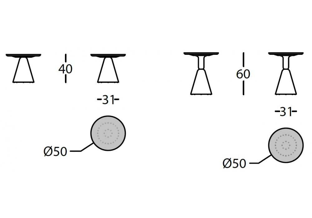 | Dimensions | • Ø 50 x H 40 cm; • Ø 50 x H 60 cm |
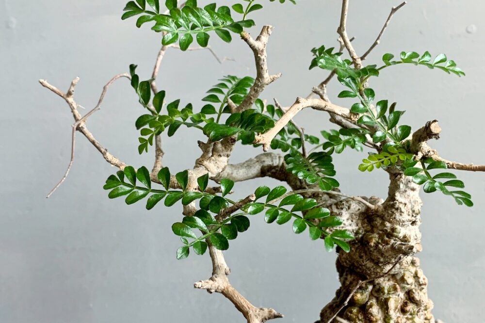 ずんぐりと太い塊根に対して、枝は意外と細くジグザグと曲がりながら伸びているのが特長です。また、生育期にはその枝から羽状複葉の丸く小さい葉を展開します。
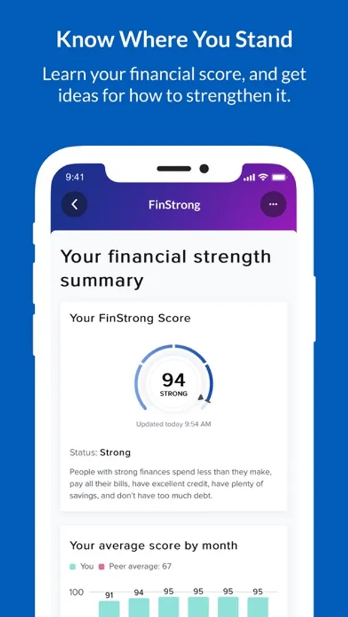 Track your overall financial health and strength with a “FinStrong” score, and learn about actions you can take to progress and attain your goals.
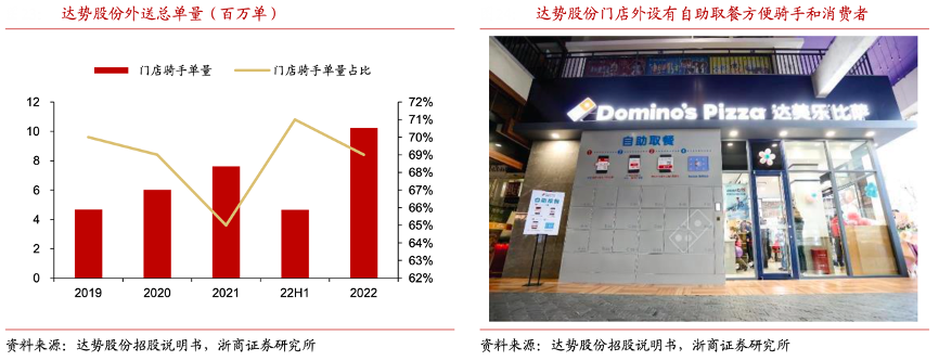 經典案例:根據達勢股份招股說明書、浙商證券研究所等綜合資訊表明,達美樂中國區別于其他比薩品牌,其依靠獨家配備的專業騎手來完成外送訂單,專業騎手常駐門店,并且僅配送公司門店訂單從而避免交叉污染,確保食品安全。同時通其進一步加強了公司 30 分鐘必達承諾的能力。
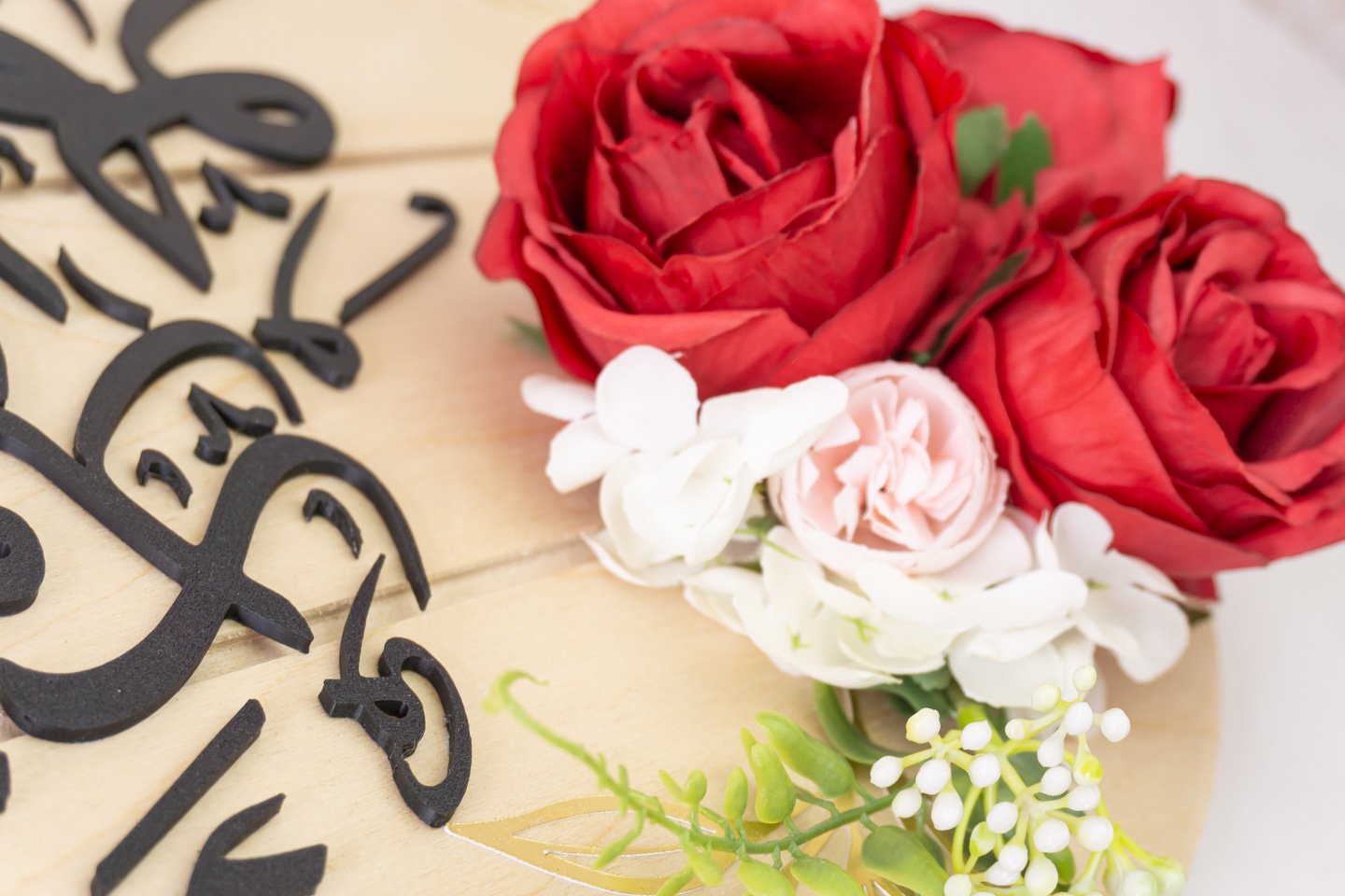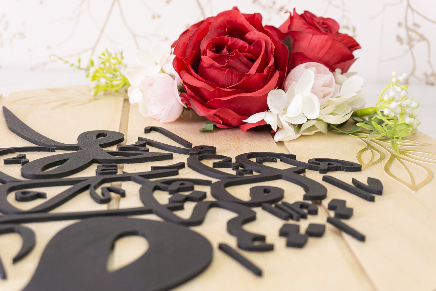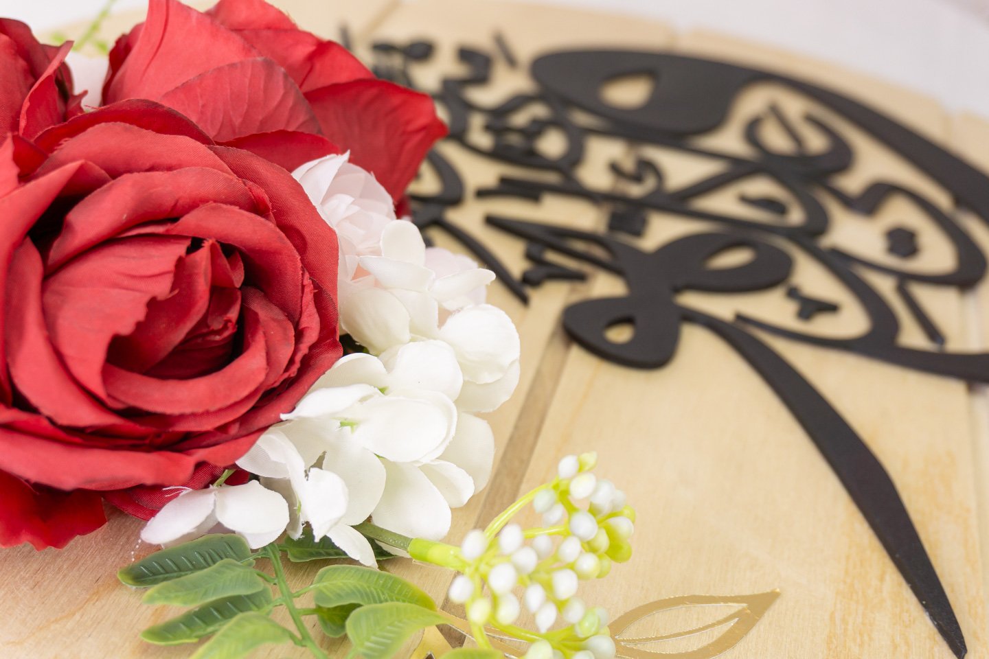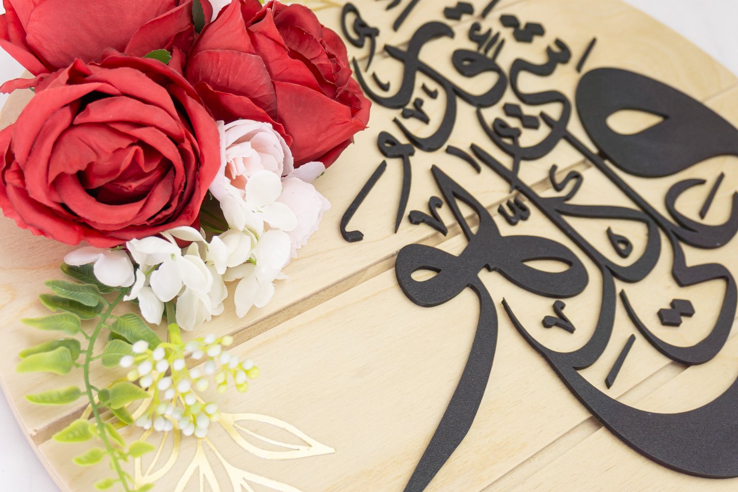 Each piece is arranged and finished by hand, pairing Arabic calligraphy with vivid red florals on natural wood for an heirloom feel that elevates entryways, living rooms, and prayer corners without looking generic or mass‑produced. Ideal as a meaningful gift for Ramadan and Eid or as an all‑season statement that blends reverence and warmth in the home.

****************

The reply should hold every entry above, given again exactly, but not a single picture.

 | Dimensions | • Ø 50 x H 40 cm; • Ø 50 x H 60 cm |
 ずんぐりと太い塊根に対して、枝は意外と細くジグザグと曲がりながら伸びているのが特長です。また、生育期にはその枝から羽状複葉の丸く小さい葉を展開します。
 Track your overall financial health and strength with a “FinStrong” score, and learn about actions you can take to progress and attain your goals.
 經典案例:根據達勢股份招股說明書、浙商證券研究所等綜合資訊表明,達美樂中國區別于其他比薩品牌,其依靠獨家配備的專業騎手來完成外送訂單,專業騎手常駐門店,并且僅配送公司門店訂單從而避免交叉污染,確保食品安全。同時通其進一步加強了公司 30 分鐘必達承諾的能力。
 Each piece is arranged and finished by hand, pairing Arabic calligraphy with vivid red florals on natural wood for an heirloom feel that elevates entryways, living rooms, and prayer corners without looking generic or mass‑produced. Ideal as a meaningful gift for Ramadan and Eid or as an all‑season statement that blends reverence and warmth in the home.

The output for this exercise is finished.